Probably the same reason we have a Governor's Office of Student Achievement, a shadow education agency charged with tasks that could be handled by the state Department of Education but aren't. Historically, governors frustrated with DOE leadership have resorted to work-arounds.

At a House Education meeting today, the bill's sponsor, state Rep. Kevin Tanner, R-Dawsonville, presented tweaks that delineate what the CTO can and can't do; some of the changes appeared efforts to avoid stepping on the toes of Superintendent Richard Woods and soothe the criticisms the bill overreached.

But the changes don't resolve the fatal flaw in HB 338. It's a confusing and overly layered piece of legislation predicated on the dubious assumption that a CTO in Atlanta with a team of imported "turnaround coaches" will know what a school in south Georgia or south Fulton needs.

The bill promotes some key initiatives, including a leadership academy for principals. But Gwinnett already has an excellent leadership academy. Why can't DOE collaborate with Gwinnett to design a statewide training program? Instead, the bill calls for yet another advisory committee to study the problem and provide recommendations about how to start a leadership academy. (Save the gas money. Just call Gwinnett.)

Some lawmakers seemed puzzled -- with reason -- over the rationale for this unwieldy bill. For example, state Rep. Scott Hilton, R-Peachtree Corners, wondered if the state already had school improvement experts it could tap.

“There is in the Department of Education a group that deals with school improvement. They not only focus on the lowest-performing schools that we’re talking about but they work with all schools," said Tanner, adding that DeKalb and Gwinnett deploy their own improvement "strike forces" to assist struggling schools.

Yet, Tanner defended the bill's intention to import expertise, citing the importance of a national search for turn-around experts "whose only job will be working with these schools and working with the community for these wraparound services."

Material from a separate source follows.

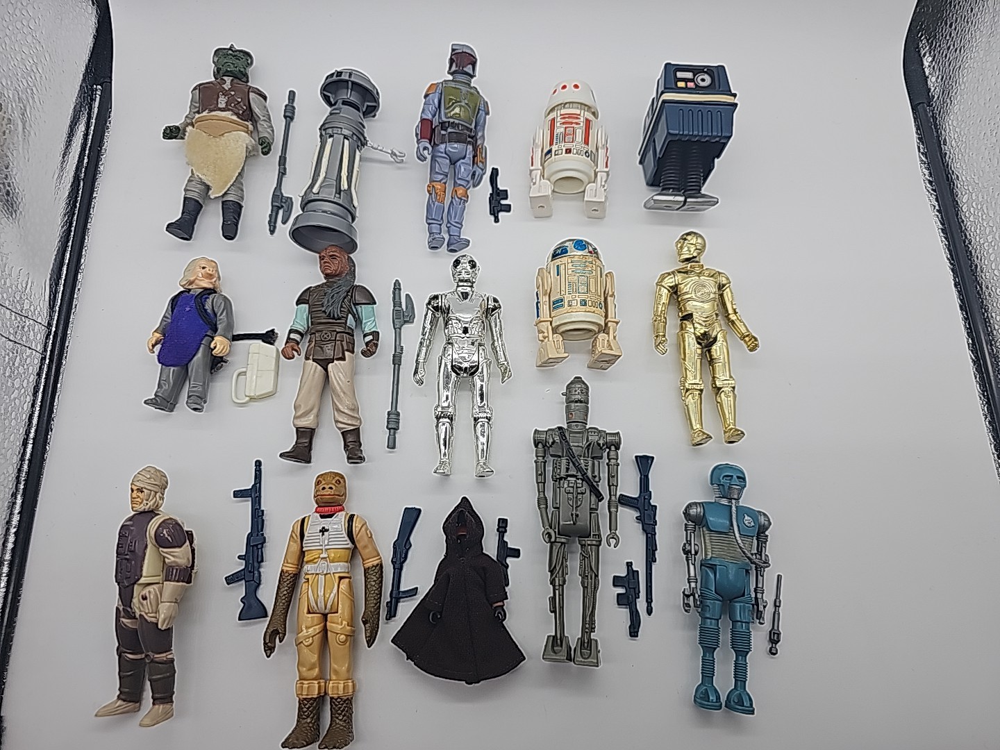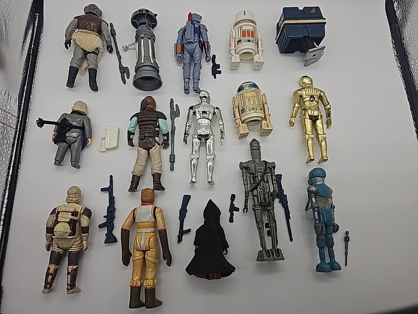 1977-1986 Lot of 15 Vintage Star Wars Complete: Weequay, Power Droid, 2-1B, Boba Fett (Taiwan), R5-D4,Klaatu, FX-7, R2-D2,C-3PO, Weequay, IG-88, Death Star Droid, Jawa, Bossk, Dengar. Condition: Flawless - VF Valuation code: C6 $200-$400
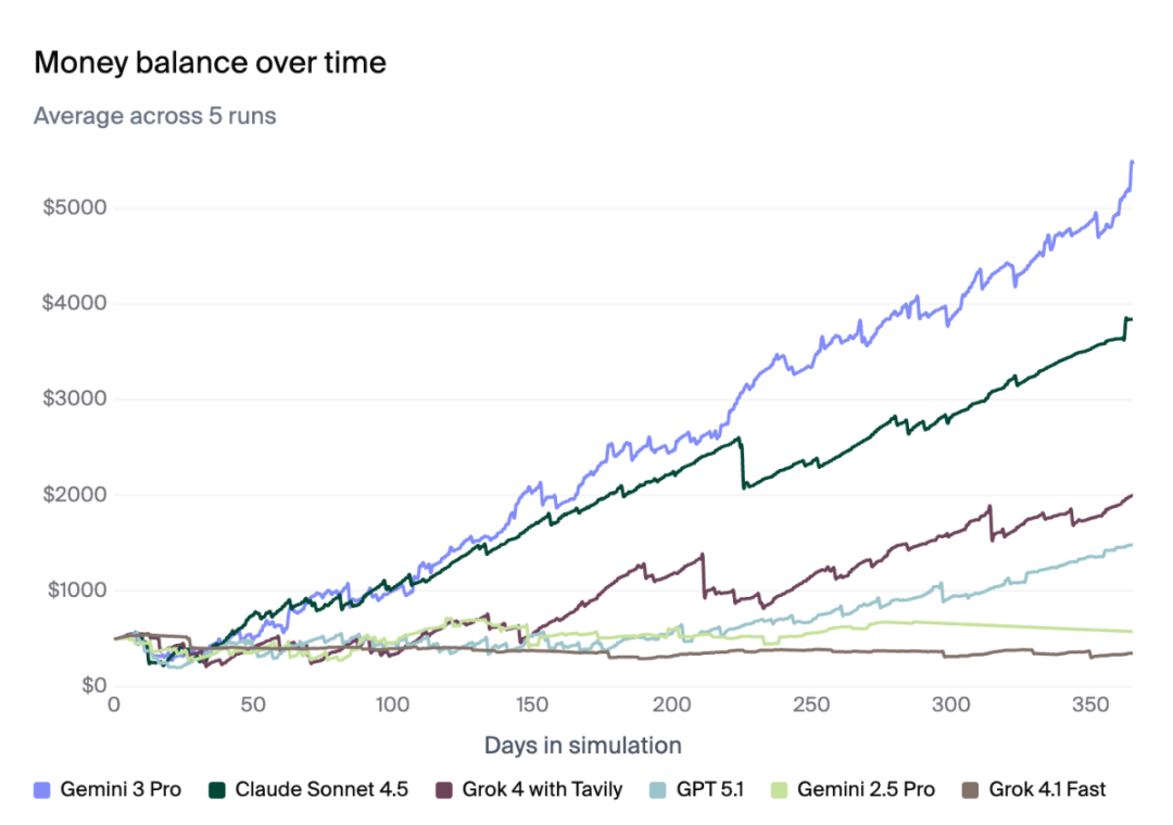 最终结果怎么样呢?开局500美元,每个模型跑五轮算平均值,Gemini 3 Pro的最终资产为5478.16美元,拿下了第一。第二名Claude Sonnet 4.5一下子降到了3838.74美元,第三名Grok 4更是只有1999.46美元。

After Tanner's response, state Rep. Doreen Carter, D-Lithonia, stated the obvious: "With what you just shared with us, it seems this turnaround CTO belongs under the Department of Education."

Other lawmakers pointed out current law contains levers that allow the state to intercede in failing schools.

House Ed Chair Brooks Coleman, R-Duluth, agreed, but said it wasn't happening. "Everything there is already in existing law," said Coleman. "The state Board of Education could do that now with the Department of Education. We tried to stay within existing law with what we're doing. They could go in right now -- but I am just going to say it -- they are not doing it. So we're going to see it is done."

It would seem cheaper and quicker to prod the state board and DOE to use the authority they already have rather than spawn a new bureaucracy.